Four years ago, expecting her second child and behind in her bills, Rosalind Magwood found herself facing eviction from her apartment in a public housing complex in Brooklyn’s Brownsville. Desperate to avoid ending up in a homeless shelter, she turned to the Brownsville Partnership, which quickly assigned her a case worker and a lawyer, and sent her to a financial literacy class. Today, the 40-year-old mother of four is paid up on all her bills, has a steady job and lives in a larger apartment in the same complex.
“The partnership has helped me a lot,” she said. “I am very grateful.”
Since launching in 2008, the initiative has grown to a staff of 18, has an annual budget of $1.5 million and, more important, has assembled behind it a powerful alliance of public and private agencies to support residents in a neighborhood where nearly one in three families live below the poverty line. To date, the partnership has helped more than 400 Brownsville families hold on to their homes and more than 200 residents find a job.

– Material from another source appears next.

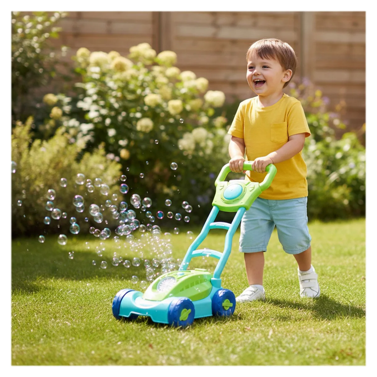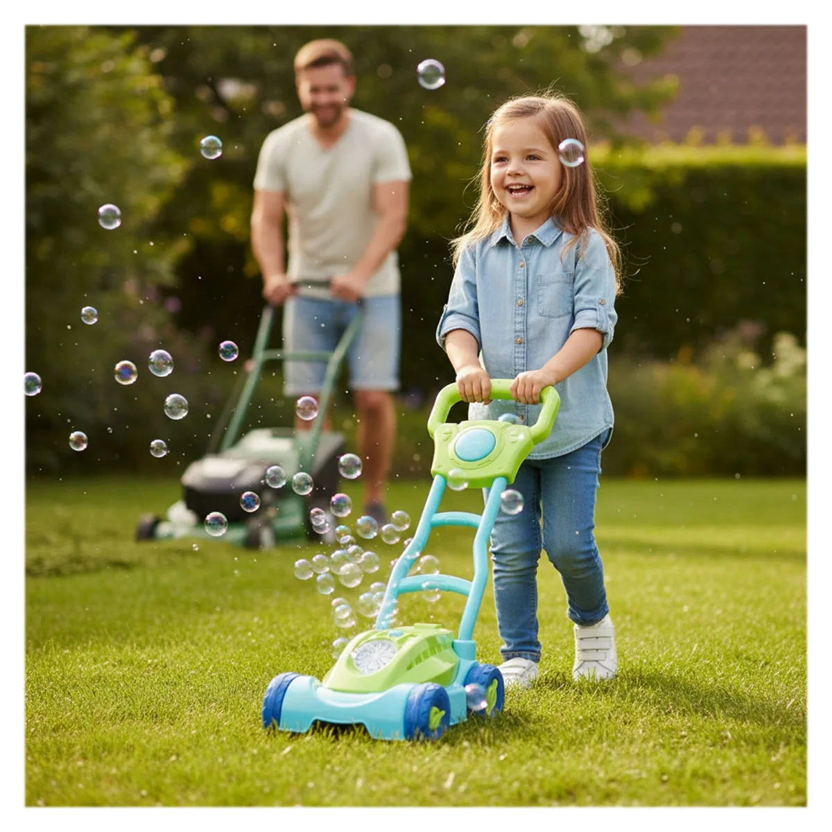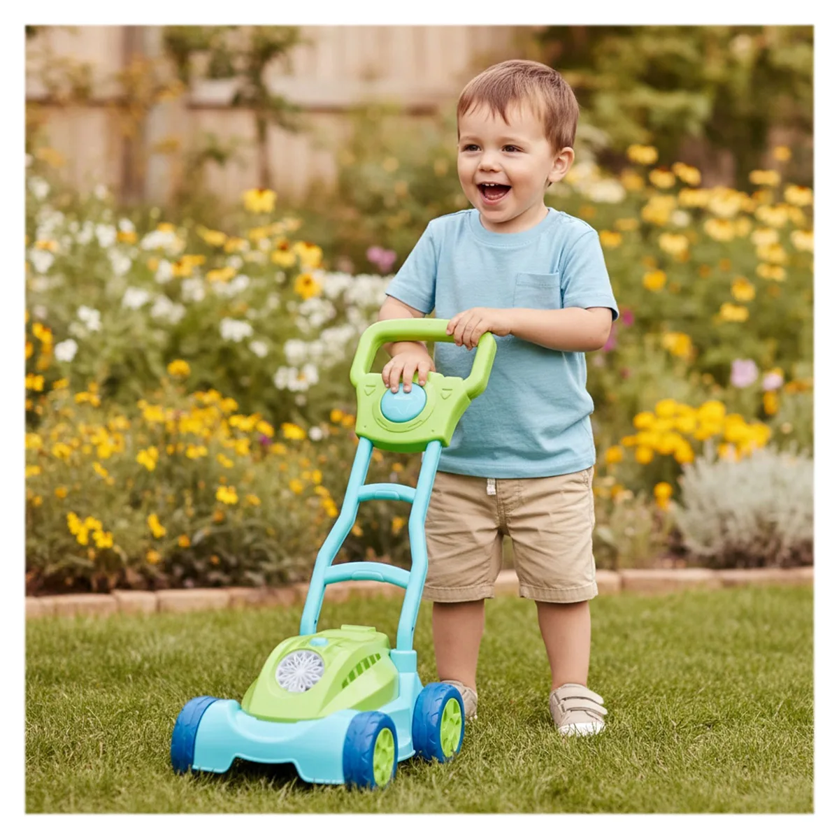 Designul inspirat de o mașină reală de tuns iarba le permite copiilor să imite activitățile adulților într-un mod distractiv. Claxonul suplimentar scârțâitor oferă distracție sonoră, în timp ce lumina LED albastră de sub elice adaugă un aspect vizual deosebit. Această jucărie combină perfect joaca activă în aer liber cu jocurile de rol imaginative.

But as the partnership enters its fourth year, its bold proposal to transform one of the city’s biggest public housing complexes, with 56 buildings, is turning heads across the city and is being hailed as a potential model of socioeconomic development with national applications. The plan aims not just to fix up the buildings and add new units. Also under early consideration are additional elements unheard-of in public housing. They range from retail stores to wind turbines, and greenhouses and gardens capable of yielding fresh produce. All these initiatives are focused on creating jobs and luring visitors.
“Brownsville is a neighborhood that was left behind,” said Rosanne Haggerty, who created the nonprofit behind the Brownsville Partnership, Community Solutions, an offshoot of Common Ground. She founded Common Ground in 1990 to help house the homeless, and today it boasts nearly 3,000 apartments. “It merits significant investment,” she added.